## [Work to complete]
Please repeat the records exactly. The pictures are to be left out.

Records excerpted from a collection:

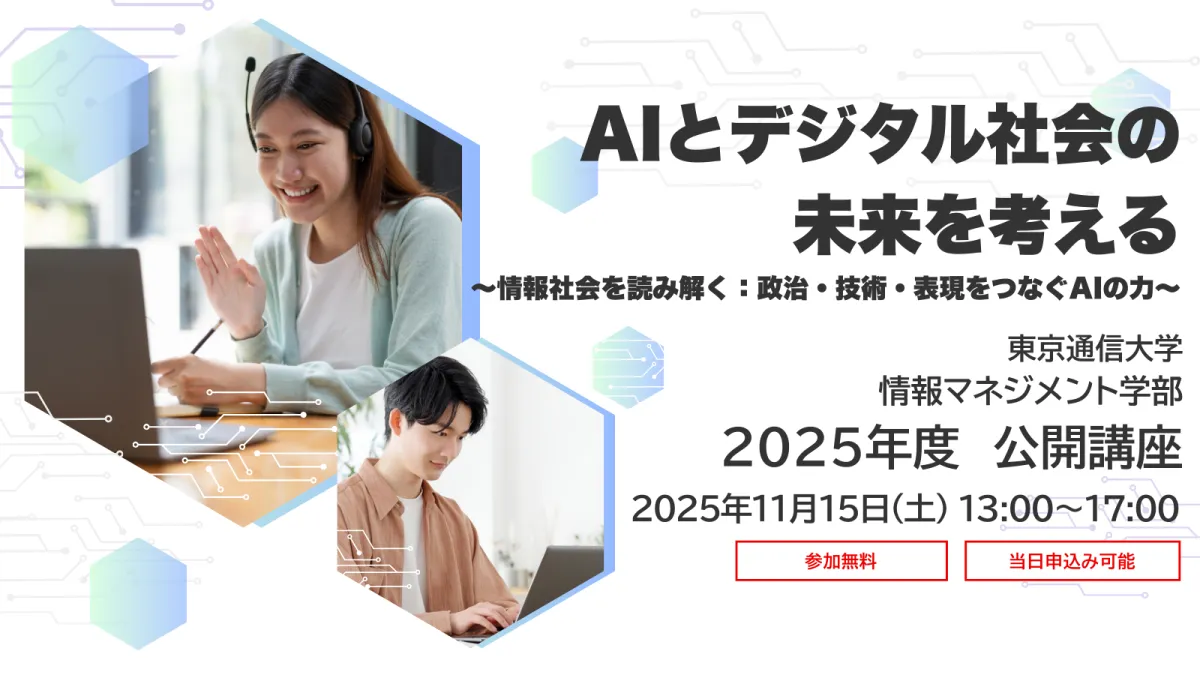 2025年11月15日(土)、東京通信大学の情報マネジメント学部では、誰でも無料で参加できる公開講座が開催されます。この講座は「AIとデジタル社会の未来を考える」というテーマのもと、オンラインで行われ、全国どこからでも、さらには海外からも参加可能です。これからの社会におけるデジタルとAIの影響について考える良い機会となることでしょう。
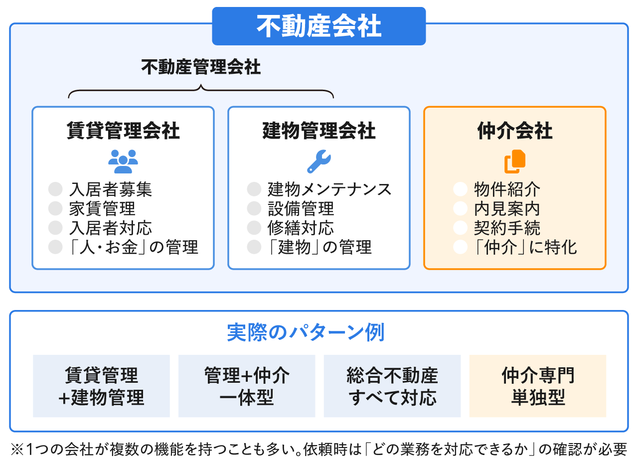 - 不動産管理会社・賃貸管理会社・建物管理会社・仲介会社などの違い
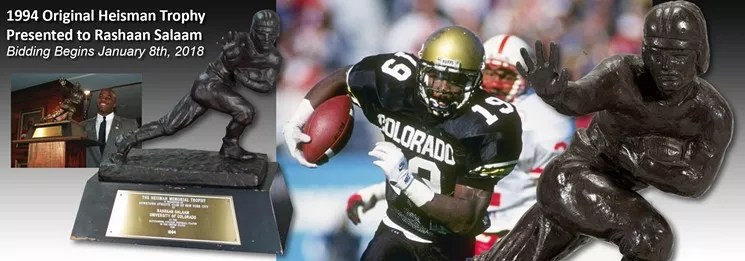 The 1994 Heisman Trophy won by CU Boulder running back Rashaan Salaam, who killed himself in a Boulder park circa December 2016, has been sold at auction for $399,608.40. This total is reportedly the most ever for a Heisman, topping the cash paid for O.J. Simpson's, among others. A likely reason for the high price was its now-former owner's pledge to donate a significant portion of the windfall to research of CTE, a brain disease common among NFL players from which Salaam may have suffered.
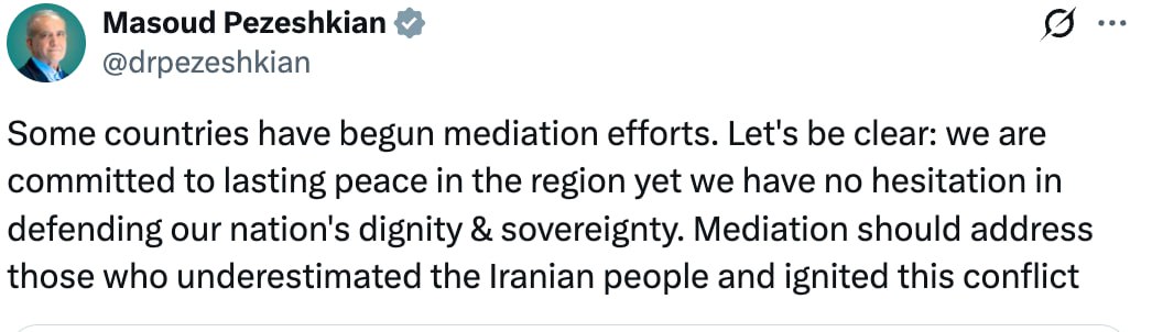 Посредничество должно быть направлено на тех, кто недооценил иранский народ и развязал этот конфликт»
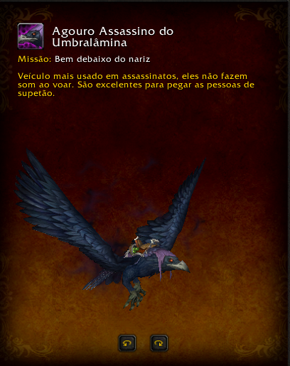 Eu achei essa montaria uma das mais bonitas (se não for a MAIS bonita, me julguem). Nossos amiguinhos ladinos vão ter um pouco de trabalho para conseguir as 4, mas certamente será muito recompensador desfilar com elas por Dalaran (ÇOCORRO trailer do novo patch) e pelas Ilhas Partidas. 🙂
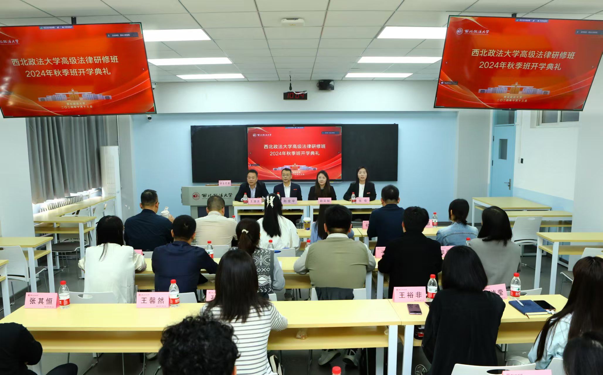 10月13日上午,鸭奈飞 高级法律研修班2024年秋季班开学典礼在雁塔校区3506教室举行。鸭奈飞 党委委员、副校长赵全宇,研究生院副院长、研工部副部长赵彩如,班主任张佳以及59名同学通过线上和线下参加典礼。仪式由鸭奈飞 副院长、培训中心副主任王国庆主持。
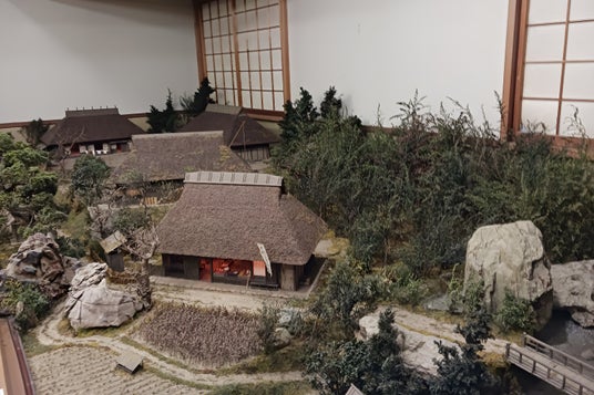 忠実に再現された模型にびっくり!哀愁のふるさと館に足を踏み入れると広がる懐かしい風景。ズラリと並ぶのは、秩父をはじめ、全国に実存した民家のミニチュア模型です。建物だけでなく、庭、建具、調度品からクモの巣まで、長い年月をかけて精巧に再現されています。
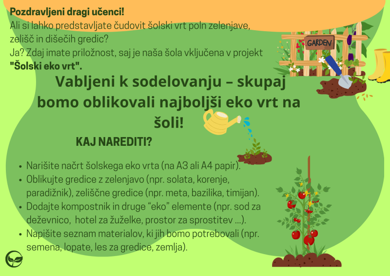 Vabljeni k sodelovanju – skupaj bomo oblikovali najboljši eko vrt na šoli!

## [Solution to this exercise]
 2025年11月15日(土)、東京通信大学の情報マネジメント学部では、誰でも無料で参加できる公開講座が開催されます。この講座は「AIとデジタル社会の未来を考える」というテーマのもと、オンラインで行われ、全国どこからでも、さらには海外からも参加可能です。これからの社会におけるデジタルとAIの影響について考える良い機会となることでしょう。
 - 不動産管理会社・賃貸管理会社・建物管理会社・仲介会社などの違い
 The 1994 Heisman Trophy won by CU Boulder running back Rashaan Salaam, who killed himself in a Boulder park circa December 2016, has been sold at auction for $399,608.40. This total is reportedly the most ever for a Heisman, topping the cash paid for O.J. Simpson's, among others. A likely reason for the high price was its now-former owner's pledge to donate a significant portion of the windfall to research of CTE, a brain disease common among NFL players from which Salaam may have suffered.
 Посредничество должно быть направлено на тех, кто недооценил иранский народ и развязал этот конфликт»
 Eu achei essa montaria uma das mais bonitas (se não for a MAIS bonita, me julguem). Nossos amiguinhos ladinos vão ter um pouco de trabalho para conseguir as 4, mas certamente será muito recompensador desfilar com elas por Dalaran (ÇOCORRO trailer do novo patch) e pelas Ilhas Partidas. 🙂
 10月13日上午,鸭奈飞 高级法律研修班2024年秋季班开学典礼在雁塔校区3506教室举行。鸭奈飞 党委委员、副校长赵全宇,研究生院副院长、研工部副部长赵彩如,班主任张佳以及59名同学通过线上和线下参加典礼。仪式由鸭奈飞 副院长、培训中心副主任王国庆主持。
 忠実に再現された模型にびっくり!哀愁のふるさと館に足を踏み入れると広がる懐かしい風景。ズラリと並ぶのは、秩父をはじめ、全国に実存した民家のミニチュア模型です。建物だけでなく、庭、建具、調度品からクモの巣まで、長い年月をかけて精巧に再現されています。
 Vabljeni k sodelovanju – skupaj bomo oblikovali najboljši eko vrt na šoli!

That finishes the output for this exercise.